Each line below from the one containing "LOGO雕塑、精神堡壘雕塑、" through the one containing "Desert Ironwood Box." is to be given again exactly, and no line outside that span.

INPUT MATERIAL:
━━━

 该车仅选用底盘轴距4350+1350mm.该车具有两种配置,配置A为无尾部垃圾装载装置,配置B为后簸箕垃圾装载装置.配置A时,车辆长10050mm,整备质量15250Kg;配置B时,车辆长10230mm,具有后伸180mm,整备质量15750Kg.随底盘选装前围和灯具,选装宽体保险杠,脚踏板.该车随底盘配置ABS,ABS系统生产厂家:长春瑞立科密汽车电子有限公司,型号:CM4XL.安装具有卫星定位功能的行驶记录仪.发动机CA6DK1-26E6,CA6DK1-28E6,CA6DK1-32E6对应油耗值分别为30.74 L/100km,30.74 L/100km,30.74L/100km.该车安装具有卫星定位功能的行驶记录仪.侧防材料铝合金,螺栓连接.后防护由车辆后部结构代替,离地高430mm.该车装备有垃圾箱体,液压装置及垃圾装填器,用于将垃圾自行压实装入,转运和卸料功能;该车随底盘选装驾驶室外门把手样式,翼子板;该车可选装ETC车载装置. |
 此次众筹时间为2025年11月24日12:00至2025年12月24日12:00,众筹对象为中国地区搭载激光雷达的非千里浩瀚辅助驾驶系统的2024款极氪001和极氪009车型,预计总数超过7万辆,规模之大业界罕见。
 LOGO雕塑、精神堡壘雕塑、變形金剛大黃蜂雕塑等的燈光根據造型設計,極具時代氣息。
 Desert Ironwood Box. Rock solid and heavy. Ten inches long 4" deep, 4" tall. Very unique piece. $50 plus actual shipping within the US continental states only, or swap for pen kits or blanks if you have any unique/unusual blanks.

━━━

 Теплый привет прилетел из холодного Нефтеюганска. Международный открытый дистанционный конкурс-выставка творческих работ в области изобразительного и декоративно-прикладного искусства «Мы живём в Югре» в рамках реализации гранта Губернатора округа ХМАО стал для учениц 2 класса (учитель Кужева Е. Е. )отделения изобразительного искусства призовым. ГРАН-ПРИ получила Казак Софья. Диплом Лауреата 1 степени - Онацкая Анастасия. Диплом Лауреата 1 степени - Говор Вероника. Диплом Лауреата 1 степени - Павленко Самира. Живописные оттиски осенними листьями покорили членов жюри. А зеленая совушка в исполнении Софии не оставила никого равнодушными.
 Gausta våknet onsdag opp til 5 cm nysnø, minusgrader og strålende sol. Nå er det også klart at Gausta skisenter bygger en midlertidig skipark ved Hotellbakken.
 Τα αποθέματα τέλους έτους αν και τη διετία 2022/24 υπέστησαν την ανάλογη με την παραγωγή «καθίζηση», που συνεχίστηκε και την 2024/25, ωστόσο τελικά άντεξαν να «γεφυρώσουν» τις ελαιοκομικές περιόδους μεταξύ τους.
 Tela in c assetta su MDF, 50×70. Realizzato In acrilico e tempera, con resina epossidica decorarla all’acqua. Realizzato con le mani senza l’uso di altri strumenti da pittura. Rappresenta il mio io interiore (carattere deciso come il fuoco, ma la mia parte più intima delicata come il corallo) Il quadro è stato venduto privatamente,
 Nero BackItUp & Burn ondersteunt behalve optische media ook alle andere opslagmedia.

━━━

RESPONSE:
 LOGO雕塑、精神堡壘雕塑、變形金剛大黃蜂雕塑等的燈光根據造型設計,極具時代氣息。
 Desert Ironwood Box. Rock solid and heavy. Ten inches long 4" deep, 4" tall. Very unique piece. $50 plus actual shipping within the US continental states only, or swap for pen kits or blanks if you have any unique/unusual blanks.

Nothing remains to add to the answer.